::: Study material
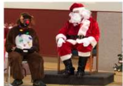
Santa and Rudolph
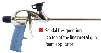
■ Soudal Designer Gun is a top of the line metal gun foam applicator
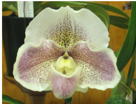
Paph. Carmen Coll 'Sweet Pink'
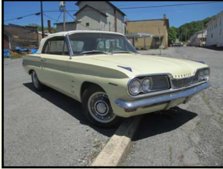
1962 Pontiac LeMans Convertible

A very nicely restored example with a beautiful stake bed and new 17 inch tires. It has the 6 cylinder with a 3-speed manual transmission. An unusual truck that is very well done.
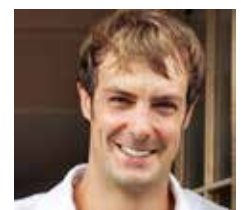
Barton Seaver, chef & author • FOOD & HEALTH • SUSTAINABLE COMMUNITIES
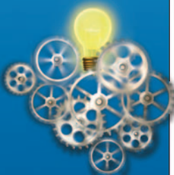
Higher activity in brain
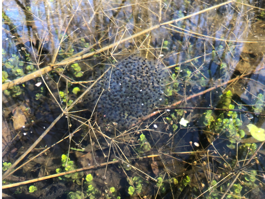
Photo 7. Single wood frog egg mass near the center of Vernal Pool 4C. Stantec. April 6, 2020.

Reference: 2020 Phase 4C Floodplain Vernal Pool Survey — GE-Pittsfield/Housatonic River Site, Pittsfield, Massachusetts
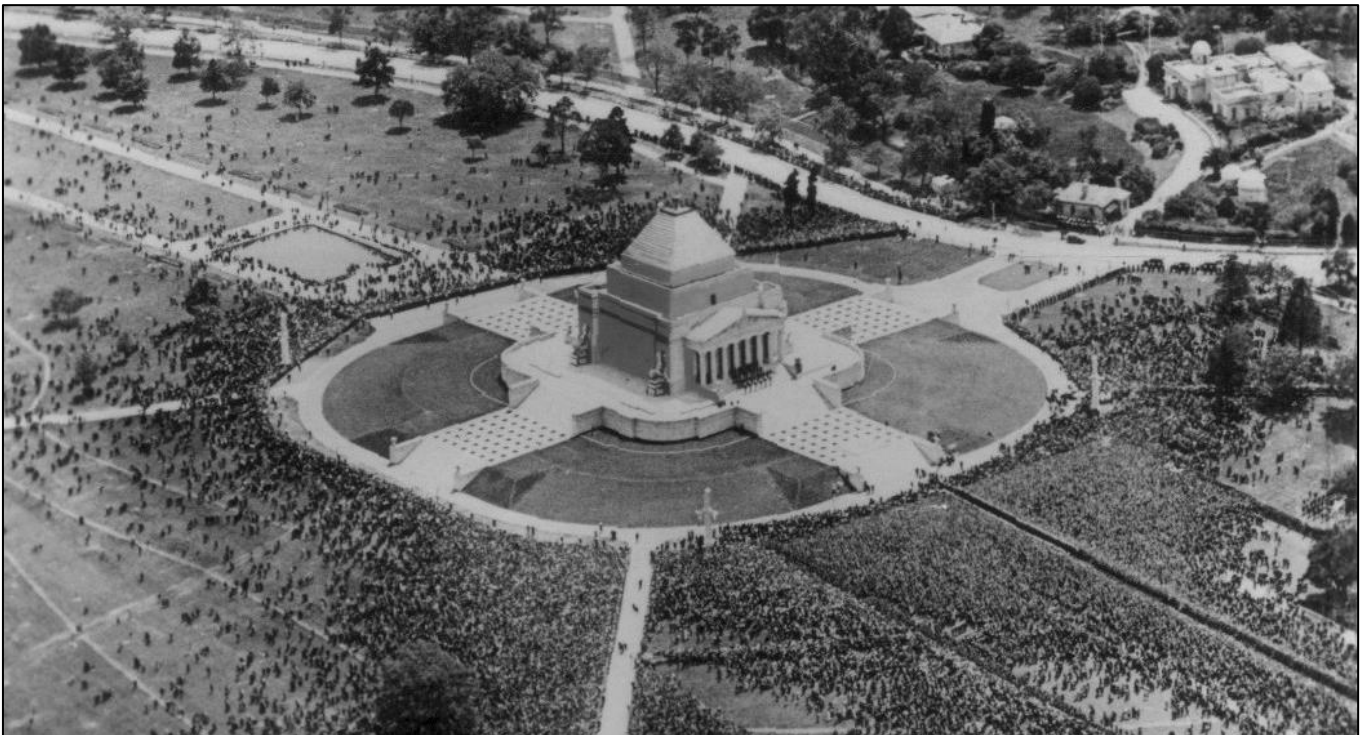
The dedication ceremony for the Shrine of Remembrance. Over 300,000 people were in attendance, approximately a third of Melbourne's population at the time.

Another early point of contention (although not explicitly related to the nature of the memorial) concerned the possibility of incorporating a "Tomb of the Unknown Soldier" into the memorial, an approach that was championed by the St. Kilda RSL, who revealed plans to bury a soldier from either Gallipoli or France on ANZAC Day, 25 April 1922. This proposal received considerable debate, and was countered by the argument that the Unknown Warrior in Westminster Abbey represented all of the dead of the British Empire. Monash was on the side of those against such a burial, as while he could see a place for an Unknown Soldier in a national memorial, he did not feel that it would be suitable at the Victorian Shrine. The Stone of Remembrance was later placed in the position where an Unknown Soldier might have been laid. An Australian Unknown Soldier was eventually interred at the Australian War Memorial by Prime Minister Paul Keating on 11 November 1993.
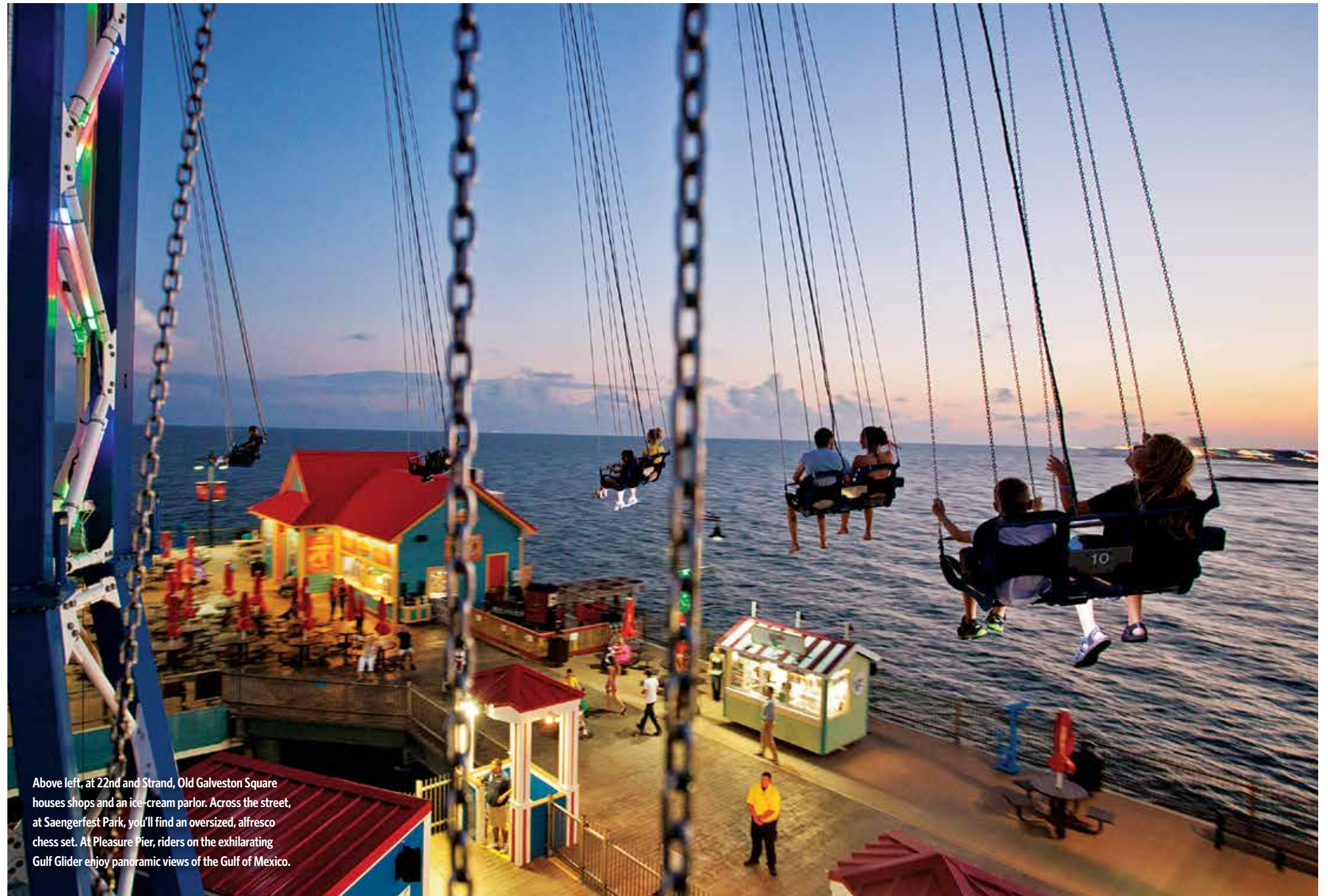
Above left, at 22nd and Strand, Old Galveston Square houses shops and an ice-cream parlor. Across the street, at Saengerfest Park, you'll find an oversized, alfresco chess set. At Pleasure Pier, riders on the exhilarating Gulf Glider enjoy panoramic views of the Gulf of Mexico.

To me, the history of Galveston Island is as alluring as the area's scenic beauty. I love learning about places like the Balinese Room, which attracted celebrities such as Bob Hope and Frank Sinatra in the 1940s; the first International Pageant of Pulchritude of 1926, which drew 150,000 people to the island to witness a bathing-beauty revue; and the nation's longest Pleasure Pier, where sightseers boarded a glittering Ferris wheel to witness panoramic views of the harbor. Galveston, known as the "Playground of the South," had everything: bathhouses, water parks, vaudeville shows, carnivals, and seaside resorts and casinos attracting hundreds of thousands of visitors every year.
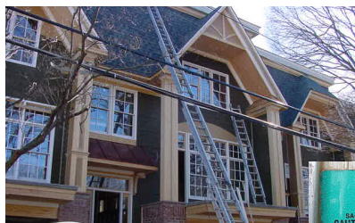
A painter was electrocuted when a metal ladder came in contact with a powerline.

Aluminum conducts electricity. A fiberglass ladder is a better choice when working near electricity.
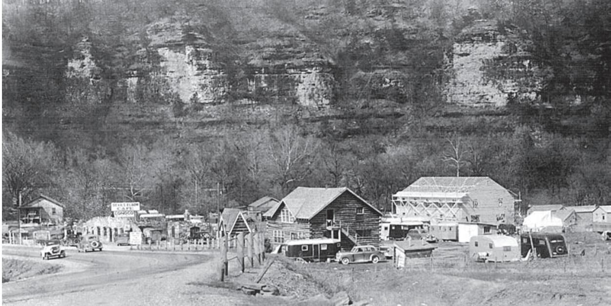
Figure 14. Devil's Elbow, 1942. Note that the two-story building is still under construction. The men working on the building rented the trailers in the foreground. Tourist cabins can be seen south of the two-story building, also owned by C.O. McCoy.

Name of multiple listing (if applicable)
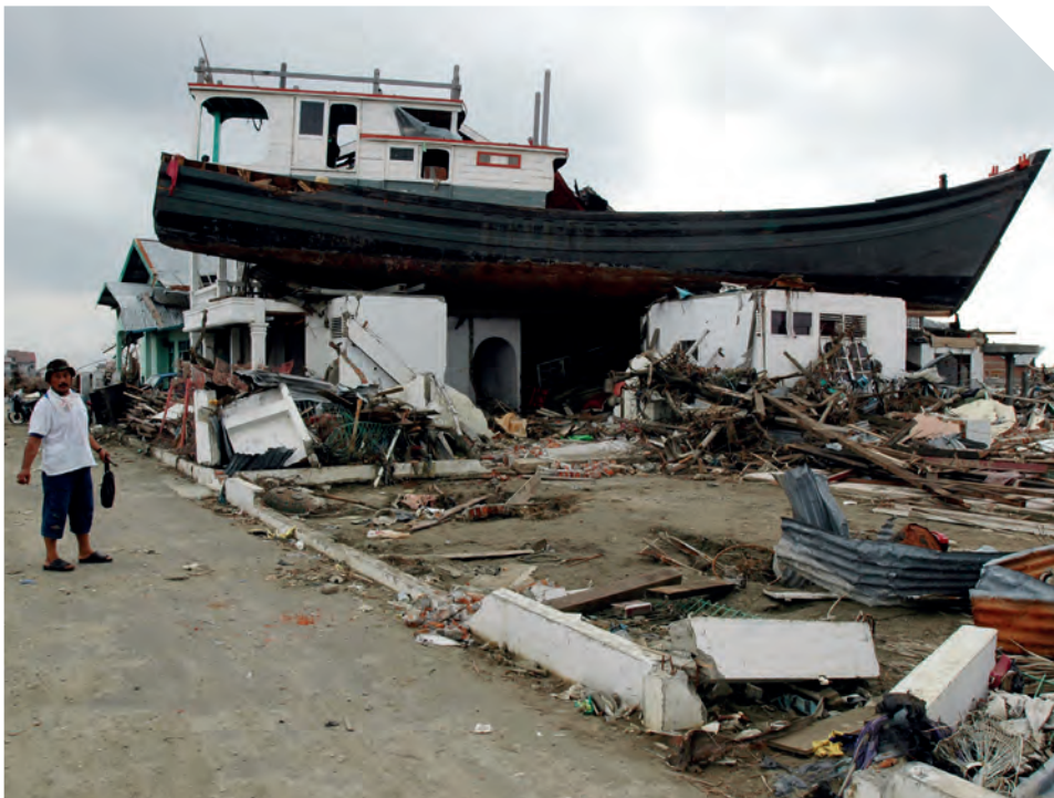
The powerful tsunami that hit Banda Aceh, Indonesia, in December 2004 carried a boat to the distance of 3 kilometres from the ocean. The ILO was involved in reconstruction of the local economy.

Transforming emergency relief into more institutionalized and sustained action was accompanied by consultations with employers' and workers' representatives. Situations where child or forced labour could be used had to be avoided. When in May 2009 the cyclone Nargis devastated much of the Irrawaddy Delta, despite decisions preventing technical cooperation with Myanmar, the ILO implemented a jobs and livelihoods project in the delta area. This was proposed by the Workers' Group to prevent the use of forced labour, which was the reason for the restrictions.
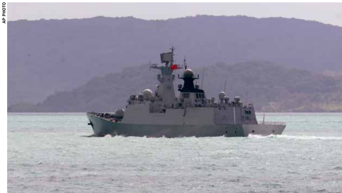
In this photo provided by the Australian Defense Force, the People's Liberation Army-Navy Jiangkai-class frigate Hengyang travels in the Torres Strait off Australia's coast

Marles said Australian navy ships and air force planes were monitoring the Chinese ships' movements through international waters that are in Australia's exclusive economic zone, the area beyond its territorial waters where a nation has exclusive eco-
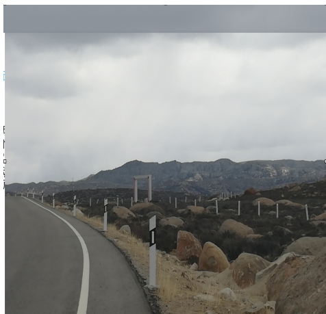
Figure 4: left: Aden Daocheng Airport test site, right: LHAASO base test site

The performance of Sunlogin software in Ubuntu 16.04 linux operating system were tested in the cable network and wireless internet. It is interesting that the internet speed in Mobile Wi-Fi mode is faster than in cable internet mode. The mean values of download and upload speed were 1.071Mbps and 0.122 Mbps in Mobile Wi-Fi mode while the mean values of download and upload speed were 0.404Mpbs and 0.7Mbps according to our records in March 2017.
::::::
## Problem
Except for the pictures, set down all of the records exactly as they are.

## Output for this task
Santa and Rudolph
■ Soudal Designer Gun is a top of the line metal gun foam applicator
Paph. Carmen Coll 'Sweet Pink'
1962 Pontiac LeMans Convertible

A very nicely restored example with a beautiful stake bed and new 17 inch tires. It has the 6 cylinder with a 3-speed manual transmission. An unusual truck that is very well done.
Barton Seaver, chef & author • FOOD & HEALTH • SUSTAINABLE COMMUNITIES
Higher activity in brain
Photo 7. Single wood frog egg mass near the center of Vernal Pool 4C. Stantec. April 6, 2020.

Reference: 2020 Phase 4C Floodplain Vernal Pool Survey — GE-Pittsfield/Housatonic River Site, Pittsfield, Massachusetts
The dedication ceremony for the Shrine of Remembrance. Over 300,000 people were in attendance, approximately a third of Melbourne's population at the time.

Another early point of contention (although not explicitly related to the nature of the memorial) concerned the possibility of incorporating a "Tomb of the Unknown Soldier" into the memorial, an approach that was championed by the St. Kilda RSL, who revealed plans to bury a soldier from either Gallipoli or France on ANZAC Day, 25 April 1922. This proposal received considerable debate, and was countered by the argument that the Unknown Warrior in Westminster Abbey represented all of the dead of the British Empire. Monash was on the side of those against such a burial, as while he could see a place for an Unknown Soldier in a national memorial, he did not feel that it would be suitable at the Victorian Shrine. The Stone of Remembrance was later placed in the position where an Unknown Soldier might have been laid. An Australian Unknown Soldier was eventually interred at the Australian War Memorial by Prime Minister Paul Keating on 11 November 1993.
Above left, at 22nd and Strand, Old Galveston Square houses shops and an ice-cream parlor. Across the street, at Saengerfest Park, you'll find an oversized, alfresco chess set. At Pleasure Pier, riders on the exhilarating Gulf Glider enjoy panoramic views of the Gulf of Mexico.

To me, the history of Galveston Island is as alluring as the area's scenic beauty. I love learning about places like the Balinese Room, which attracted celebrities such as Bob Hope and Frank Sinatra in the 1940s; the first International Pageant of Pulchritude of 1926, which drew 150,000 people to the island to witness a bathing-beauty revue; and the nation's longest Pleasure Pier, where sightseers boarded a glittering Ferris wheel to witness panoramic views of the harbor. Galveston, known as the "Playground of the South," had everything: bathhouses, water parks, vaudeville shows, carnivals, and seaside resorts and casinos attracting hundreds of thousands of visitors every year.
A painter was electrocuted when a metal ladder came in contact with a powerline.

Aluminum conducts electricity. A fiberglass ladder is a better choice when working near electricity.
Figure 14. Devil's Elbow, 1942. Note that the two-story building is still under construction. The men working on the building rented the trailers in the foreground. Tourist cabins can be seen south of the two-story building, also owned by C.O. McCoy.

Name of multiple listing (if applicable)
The powerful tsunami that hit Banda Aceh, Indonesia, in December 2004 carried a boat to the distance of 3 kilometres from the ocean. The ILO was involved in reconstruction of the local economy.

Transforming emergency relief into more institutionalized and sustained action was accompanied by consultations with employers' and workers' representatives. Situations where child or forced labour could be used had to be avoided. When in May 2009 the cyclone Nargis devastated much of the Irrawaddy Delta, despite decisions preventing technical cooperation with Myanmar, the ILO implemented a jobs and livelihoods project in the delta area. This was proposed by the Workers' Group to prevent the use of forced labour, which was the reason for the restrictions.
In this photo provided by the Australian Defense Force, the People's Liberation Army-Navy Jiangkai-class frigate Hengyang travels in the Torres Strait off Australia's coast

Marles said Australian navy ships and air force planes were monitoring the Chinese ships' movements through international waters that are in Australia's exclusive economic zone, the area beyond its territorial waters where a nation has exclusive eco-
Figure 4: left: Aden Daocheng Airport test site, right: LHAASO base test site

The performance of Sunlogin software in Ubuntu 16.04 linux operating system were tested in the cable network and wireless internet. It is interesting that the internet speed in Mobile Wi-Fi mode is faster than in cable internet mode. The mean values of download and upload speed were 1.071Mbps and 0.122 Mbps in Mobile Wi-Fi mode while the mean values of download and upload speed were 0.404Mpbs and 0.7Mbps according to our records in March 2017.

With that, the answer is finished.